Up to £5.3 billion in regional aid funding will run out in 18 months unless the government acts quickly and puts replacement arrangements in place for when the UK leaves the EU.

The Local Government Association (LGA) is calling on the ministers to set out a firm plan to replace the European Structural and Investment Fund (ESIF) 2014-2020 programme when it comes to an end in December next year.  

The ESIF is currently earmarked for local areas to create jobs, support small and medium businesses, deliver skills training, develop rural economies, invest in critical transport and digital infrastructure and boost inclusive growth across the country.

The LGA says the investment acts as match funding to get vital local projects off the ground. With severe cuts in national funding, ESIF funding is a lifeline for local areas to make the investments that really make a difference to people and communities.  

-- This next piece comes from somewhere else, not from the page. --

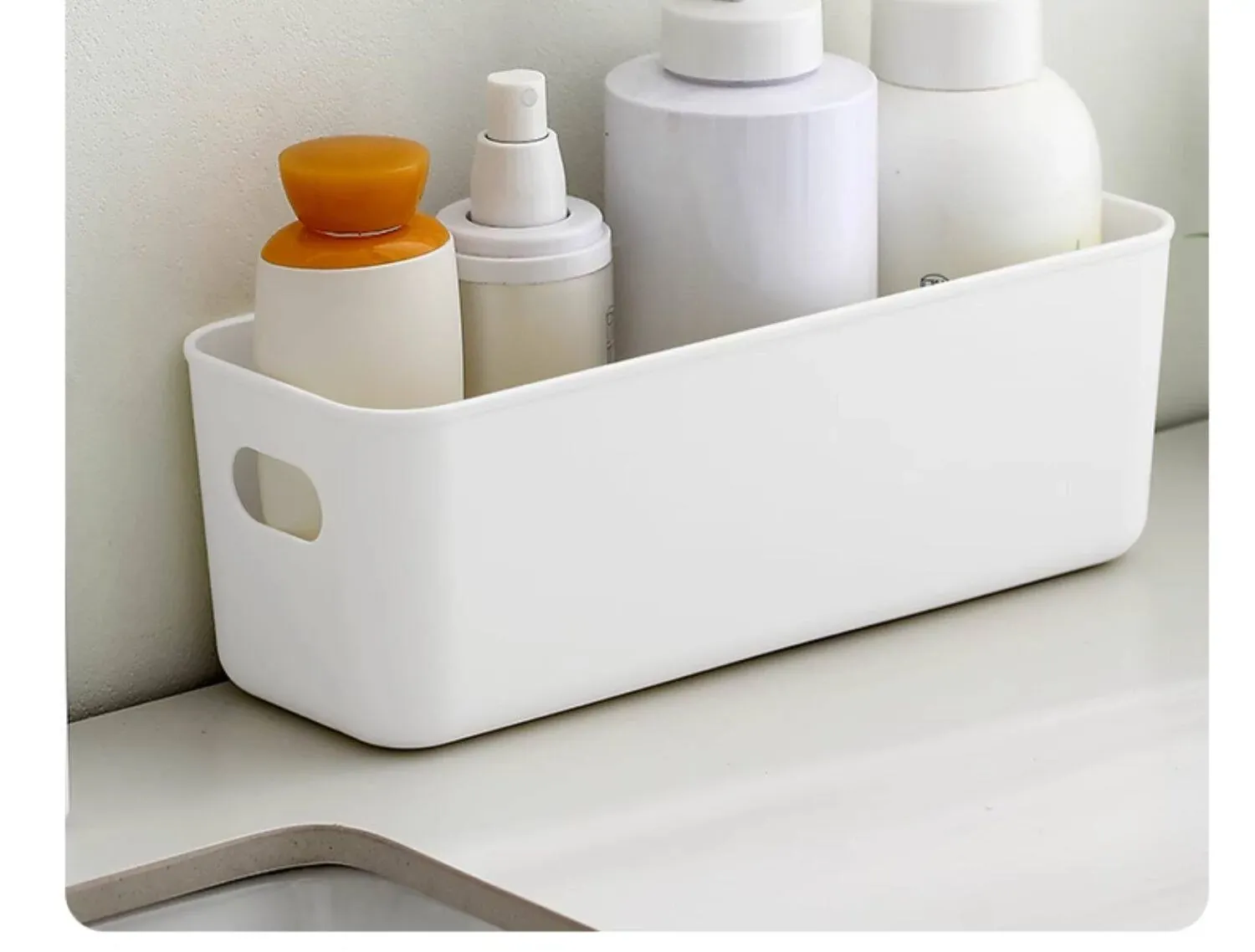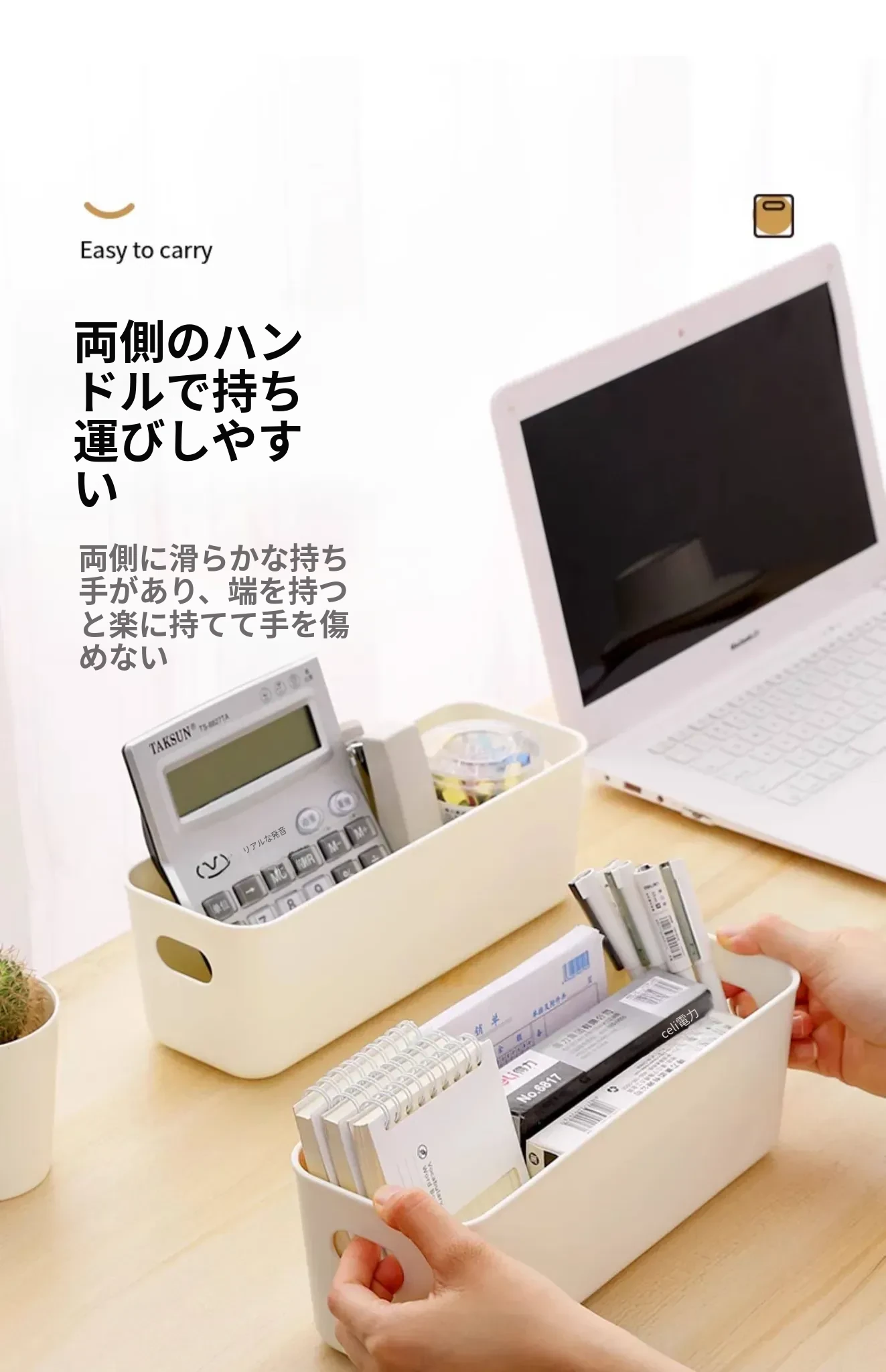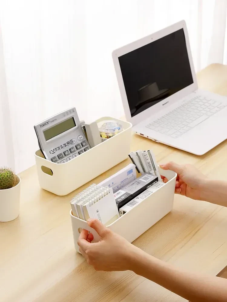 FaSoLaデスク収納ボックス - 化粧品やキッチン小物をスッキリ整理!プラスチック製で軽量、使いやすさ抜群の収納バスケット。お菓子や日用品も一緒にまとめて、お部屋を美しく保ちましょう!

In July 2018, the government announced that it would consult on its domestic replacement, the UK Shared Prosperity Fund (UKSPF), by the end of that year – but this has still not happened. 

The LGA says that continuing delays and uncertainty on the detail of UKSPF is a huge concern for councils and communities that are set to face a £5.3 billion funding gap once the UK leaves the ESIF programme.

“The clock is ticking for the government to set out a firm plan to replace this funding into the next decade and beyond,” said LGA Brexit Taskforce chairman Kevin Bentley. “Brexit cannot leave local areas facing huge financial uncertainty as a result of lost regional aid funding.”